Maybe we should be grateful the proposed Tarp/EESA didn’t make it through Congress, since we’ve just noticed this part:
Section 128. Acceleration of Effective Date.
Provides the Federal Reserve with the ability to pay interest on reserves.
The Fed’s due to start paying interest on reserves in 2011. The EESA in the form above would have accelerated that start date in a bid to improve liquidity and prevent this, in the Fed funds rate (from Bank of America yesterday):

You can see, it starts out quite high every day as banks hold back cash amid uncertain financing needs, according to BofA. Towards the end of the day, as those needs become more clear, it falls.
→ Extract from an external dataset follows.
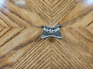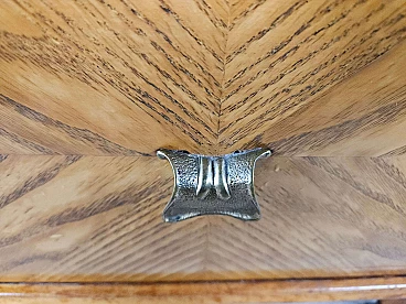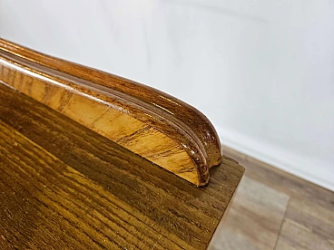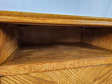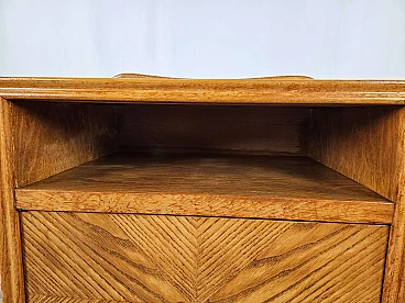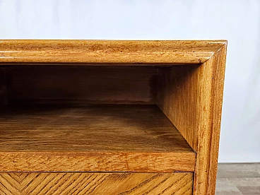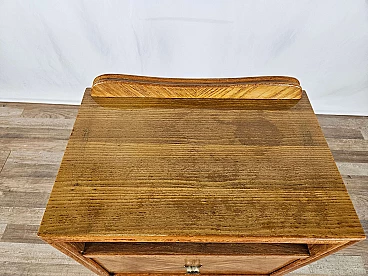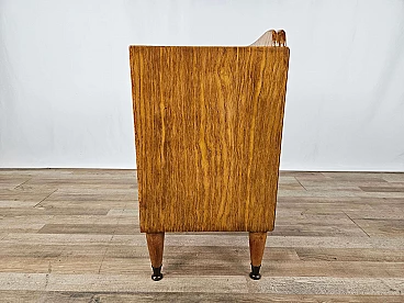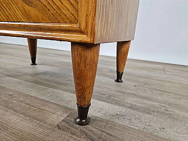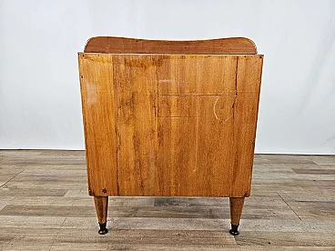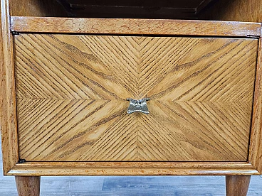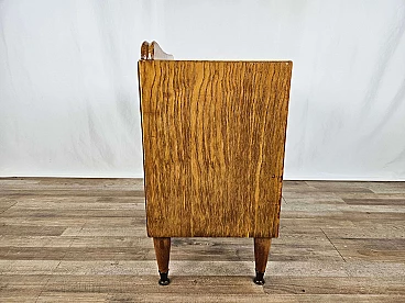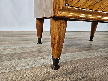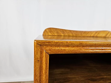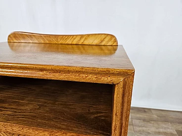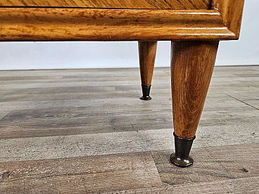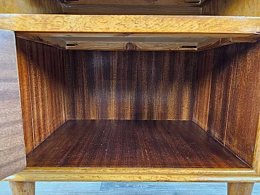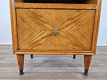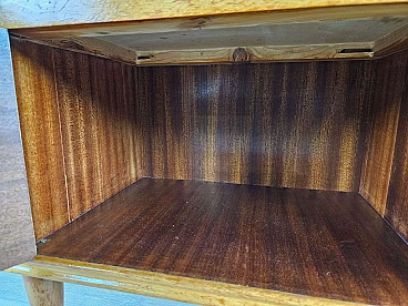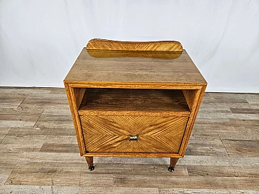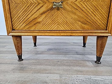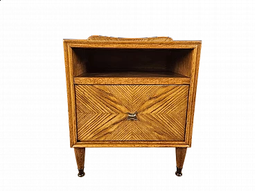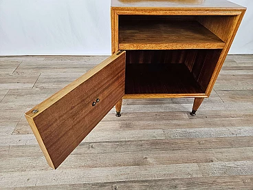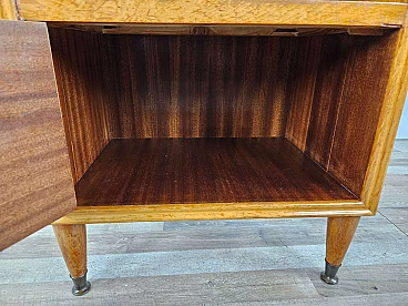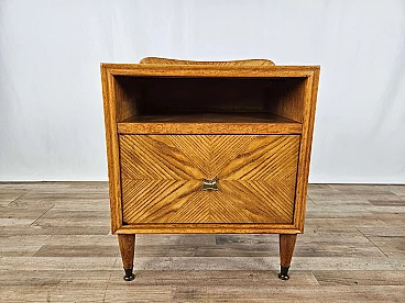 Single bedside table from the early 1950s in blond walnut with brass foot caps and central flap. Modern and contemporary design element, with square and linear dimensions that make it suitable for any furnishing context. Flap and upper open space.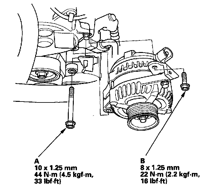 7. Remove the mounting bolt (A) and alternator bracket mounting bolt (B), then remove the alternator.

Banks want to put their cash to work and avoid having it sit around not earning interest (as difficult as that might be in the current environment).
In theory, if the Fed started paying interest on those reserve requirements it could provide a floor to the rate as banks would be more willing to keep excess reserves at the Fed. It’s an idea that’s been mulled over for some time, originally as a way of improving the Fed’s liquidity abilities without running out of Treasuries or printing more money (sterilisation).
From the FT in April:
Currently, the Fed cannot expand or contract its balance sheet without altering the overall supply of reserves and changing its main policy rate, the Fed funds rate.
All it can do is change the composition of its balance sheet – absorbing more duration risk, liquidity risk or credit risk from the private sector.
But if the Fed was able to pay interest on deposits, it could use that rate to put a floor under the Fed funds rate.
That would free the US central bank to conduct liquidity operations that were larger than the size of its current balance sheet – roughly $800bn.
‘The point…would be to allow the Fed to expand its balance sheet without having to drive the fed funds rate to zero in the process,’ said Goldman Sachs.
That’s fine in theory, except that Tarp wanted to use reserve interest as a way of encouraging interbank lending. As EconWeekly noted some time ago, that may well have backfired:
Reserve balances are like checking accounts: they don’t earn interest. For that reason banks have little incentive to hold more reserves than they need to meet the Fed’s requirements and clear transactions. Any excess reserves are loaned to other banks…
This measure would lead to a higher equilibrium level of reserve balances, for a given value of the federal funds interest rate. It would also reduce the amount of inter-bank lending, as banks would keep more of their cash in their safe-deposit box at the Fed. That lending would be replaced by loans from the Federal Reserve.